Everyone knows that young children’s brains are like ‘sponges’, absorbing everything they see, hear and feel. We also know that they have an amazing ability to learn new skills faster than adults. But what is the scientific reason behind this?
This feature is mostly due to what is known as “NeuroplasticityIt refers to the brain’s ability to form and change its connections and pathways based on experiences.
Neuroplasticity gives children the ability to learn and break bad habits and things very quickly. This ability is most stable and rapid before a child’s fifth birthday, when most things he encounters or experiences may be new to him.
A newborn baby will have all the neurons in its brain for the rest of its life, but what really makes the brain work is the connections between those cells. Formed during the first years of a child’s life. A baby creates at least a million new synapses every second, more than at any other time in its subsequent life.
Recent scientific research shows that the connections necessary for many important higher-level skills such as motivation, self-regulation, problem-solving, communication, and self-esteem are formed in the early years. It is very difficult to make these basic connections in the brain later in life.
How these bonds are formed is done through the child’s everyday experiences, through positive interactions with parents and others around him, and through the use of his senses to interact with the world around him.
A young child’s daily experiences determine the brain connections that develop and last a lifetime, depending on the amount and quality of care, stimulation and interaction they receive in their early years.
Opportunity up to five years
The First Things First website says (First things first), from birth to age five, a child’s brain develops faster than at any other time in life. Because the human brain is the only organ that is not fully developed at birth, a child’s brain at birth is on average about one-fourth the size of an adult’s brain. A child’s brain doubles in size during the first year of life, continues to grow to 80% of adult brain size by age three, and is 90% complete by age five.
The period from birth to five years is a “critical period” for children because during these early years a young child’s brain is busier than an adult’s as it is constantly learning the best way to cope with any situation. . And it all has to do with the interactions around it.
Debbie Ravenscroft, a lecturer at the University of Chester in the UK, lives science (Direct scienceScientifically, the ability to learn quickly is linked to many domains, including flexibility, experiences with adults and their environment, and their biological drive to explore.
Infants and language acquisition
Ravenscroft points out that language acquisition, in particular, is an area where children often have a significant advantage over adults. This is largely due to “children’s ability to tune in to the rhythms and sounds used in their native language and thus become proficient and fluent speakers by the age of four”. This ability can help young children learn a second or third language with remarkable ease.
And inside Research paper Published in the journal Perspectives in Psychological Science in April 2022, the authors note, “Older children and adults are born seeing and hearing missing language information, and increasingly they lose this ability.”
Additionally, children can distinguish speech sounds and tones used in all languages of the world and are open to all input, regardless of the language environment in which they were born.
Time is an important variable in the language acquisition process. From birth to adulthood, studies have found that children can learn language quickly and efficiently because of neuroplasticity and cognitive flexibility, or the ability to switch quickly mentally between two different concepts or ideas, as well as the ability to think clearly about multiple ideas. at the same time.

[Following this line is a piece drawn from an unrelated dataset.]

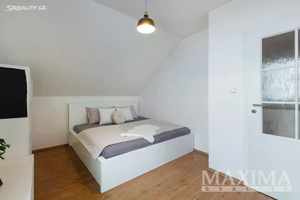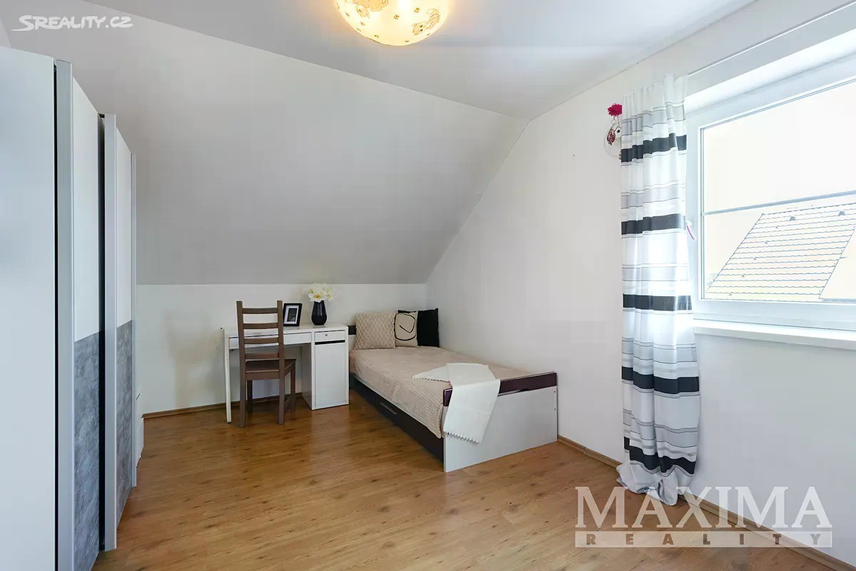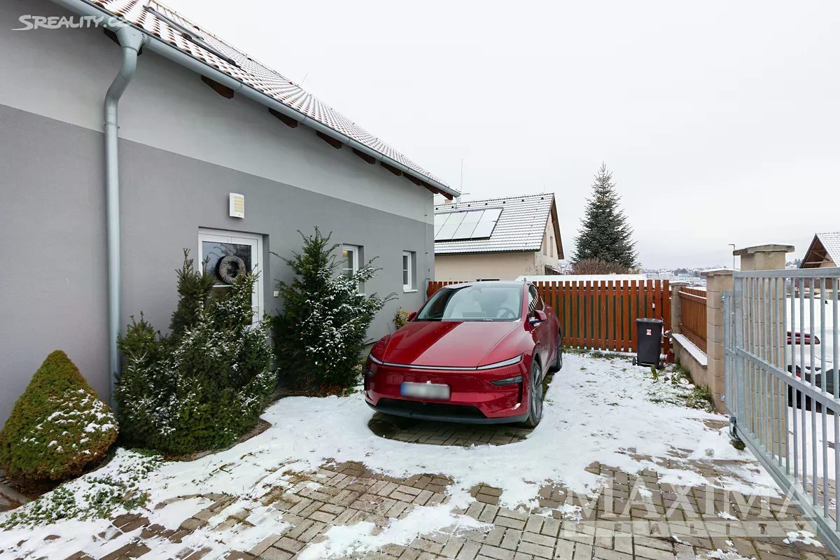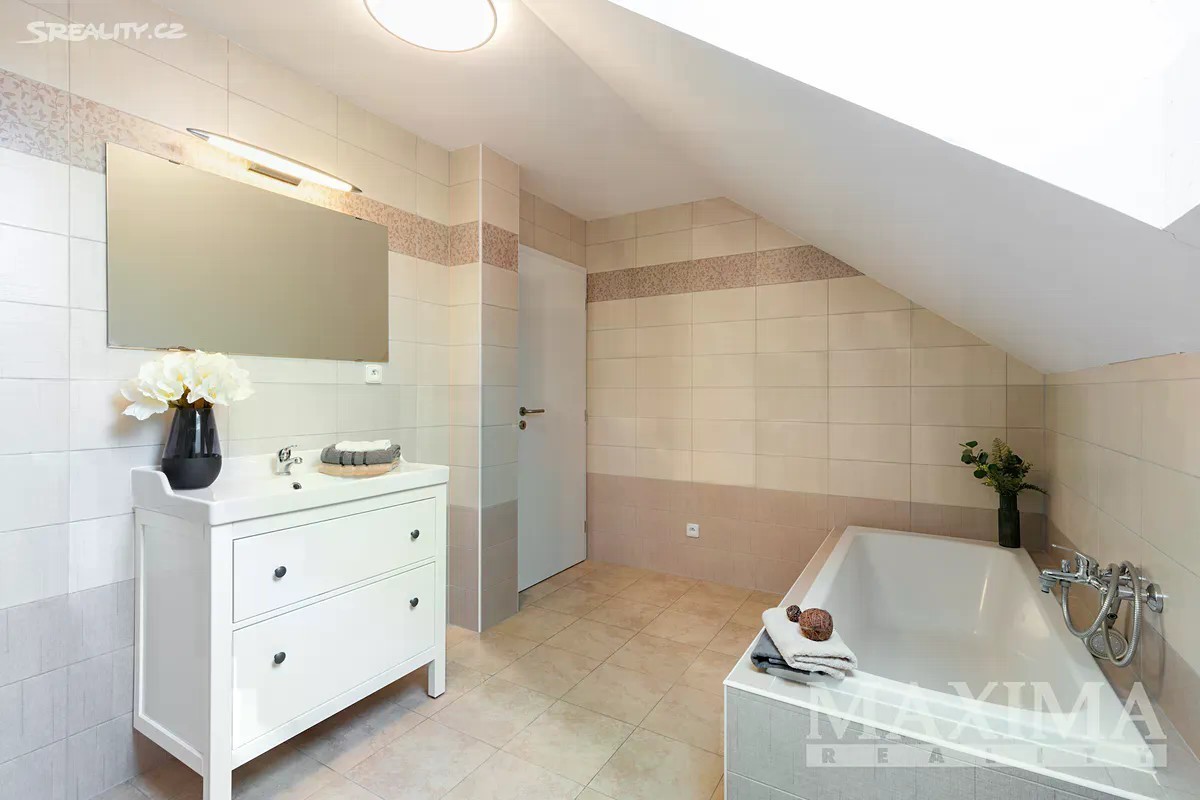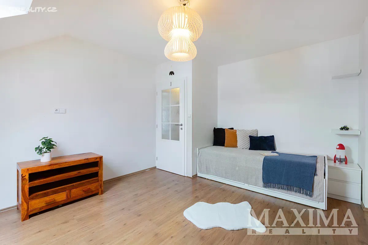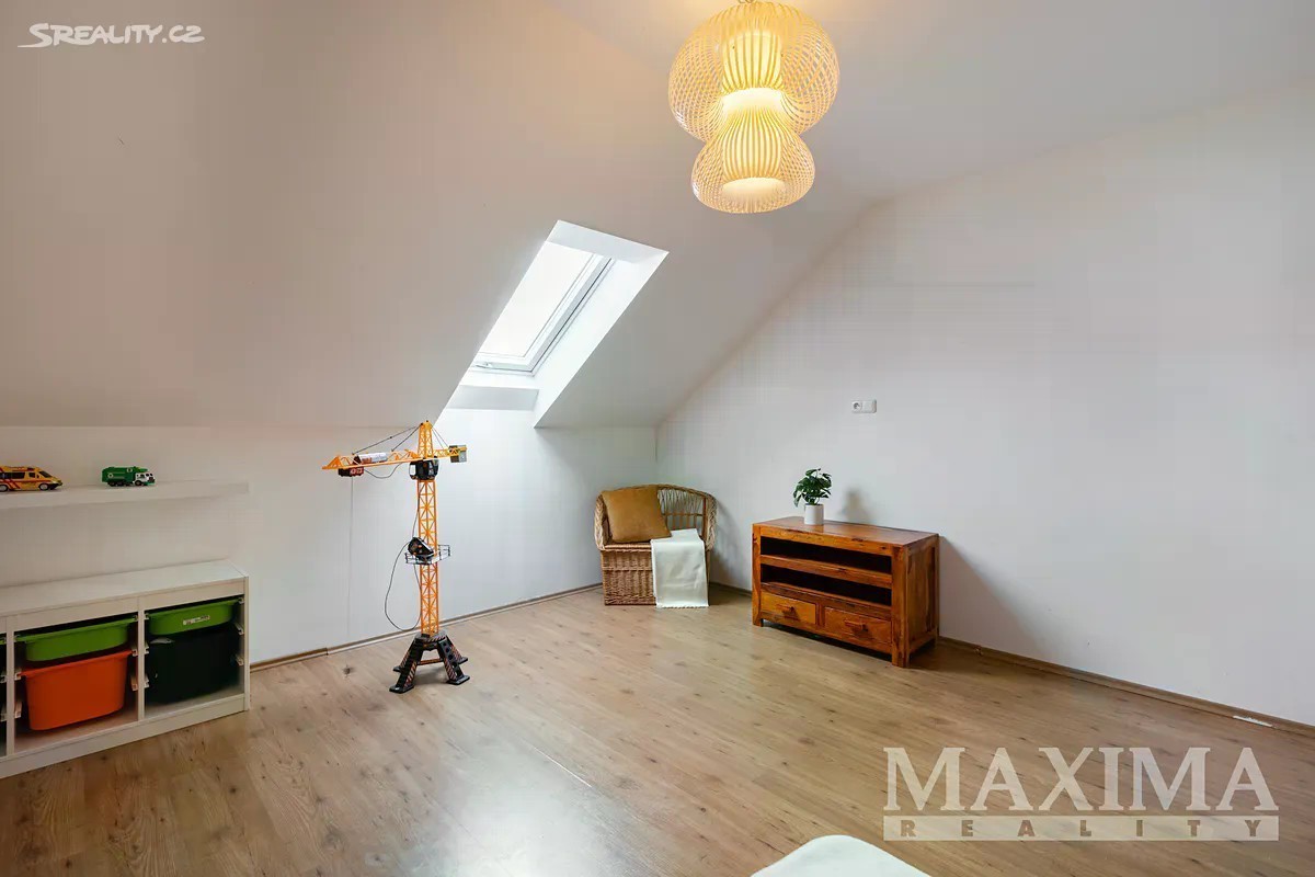 Nabízíme k prodeji prostorný a světlý byt 4+1, který se nachází v samostatné polovině novostavby domu z roku 2016. K bytu náleží vlastní zahrada o ploše 349 m2. Nemovitost je situována v klidné lokalitě s množstvím zeleně a několika rybníky v okolí. Dispozice bytu 4+1 o celkové ploše 129 m2 tvoří v přízemí obývací pokoj (31,56 m2) s kuchyní (5,83 m2) a kuchyňskou linkou, s přímým vstupem na terasu s možností posezení a výhledem do zahrady. Dále zde najdete pracovnu (5,42 m2), WC s technickou místností (3,16 m2), komoru pod schodištěm (5,78 m2) a prostorné zádveří (6,68 m2). Po schodišti se dostanete do podkroví, kde se nachází ložnice (16,89 m2), dva samostatné pokoje (13,78 m2 a 13,99 m2), praktická koupelna (10,23 m2) s vanou, sprchovým koutem, toaletou i bidetem, chodba (4,58 m2). Pro uskladnění věcí poslouží prostorná půda. Okna jsou plastová s izolačním trojsklem, v obývacím pokoji orientovaná na západ. Topení je v obou patrech podlahové - zajišťuje elektrický kotel,ohřev vody bojler. V obývacím pokoji komín - možnost instalace krbových kamen. Na udržované zahradě se nachází skleník s napojením na vodu včetně osvětlení a kůlna na nářadí, rovněž s osvětlením. Dům je napojen na obecní vodovod i kanalizaci. Parkování je možné přímo před domem pro jedno auto, další možnosti jsou na ulici. Součástí je také příprava na wallbox pro nabíjení elektromobilu. Obec disponuje dobrou občanskou vybaveností - restaurace, hospoda, školy, školky, lékařské služby, lékárna, pošta, obchody, supermarkety, restaurace či dětská hřiště. Jedná se o bezpečnou a klidnou rezidenční lokalitu. Autobusové zastávky nabízí pravidelné spoje do Prahy (Zličín, Veleslavín). Výborné je také dopravní napojení na dálnice D6 a D7, na Zličín dojedete autem za cca 15 minut. Nemovitost je možné financovat hypotečním úvěrem, s jehož vyřízením vám rádi pomůžeme. PENB: B
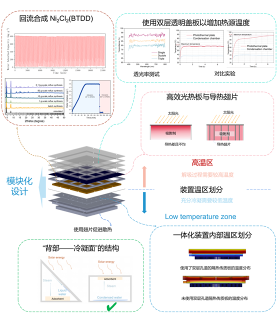 综合技术方案是扩大化低成本合成高性能MOF吸附剂Ni2Cl2(BTDD)的技术方案,以及与之配套的模块化紧凑式太阳能空气取水单元。该装置可以实现无任何外界电力等辅助能源或设备的情况下凭借太阳能实现连续运行,同时模块化的构造使得装置可以通过改变模块的数量,极为轻松地实现个性化定制。该技术方案为空气取水技术走向商业化奠定了基础,有望为世界水危机贡献交大智慧,实现从“久旱逢甘霖”到“久旱造甘霖”的重大突破。

Importance of daily experiences for the newborn
Scientific research shows that the quality of a child’s experiences in the first few years of life, whether positive or negative, helps shape their brain’s development, although genes play an important role. These experiences permanently affect their health and their ability to learn and succeed in school and life.
Therefore, although children have the ability to learn quickly, they will find challenges if they are not well supported by caring and empathetic adults who shape their environment and experiences. Knowing that the best time to learn is “early on.”
Reading provides a wonderful and shared bonding experience for a child, as well as a love of language and ensures connections are made in the early brain.
It is important to talk, sing, read and play with babies from the day they are born, to give them opportunities to explore their physical world and to provide them with a safe, stable and nurturing environment.
Children who experience lots of positive interactions tend to be healthier and more successful in school and life. The reverse is true, young children who lack the necessary communication and care do not develop many brain connections, which has a negative and lasting effect.
Poverty, exposure to domestic violence and lack of access to quality early learning experiences are factors that negatively impact a child’s early development and thus their long-term success.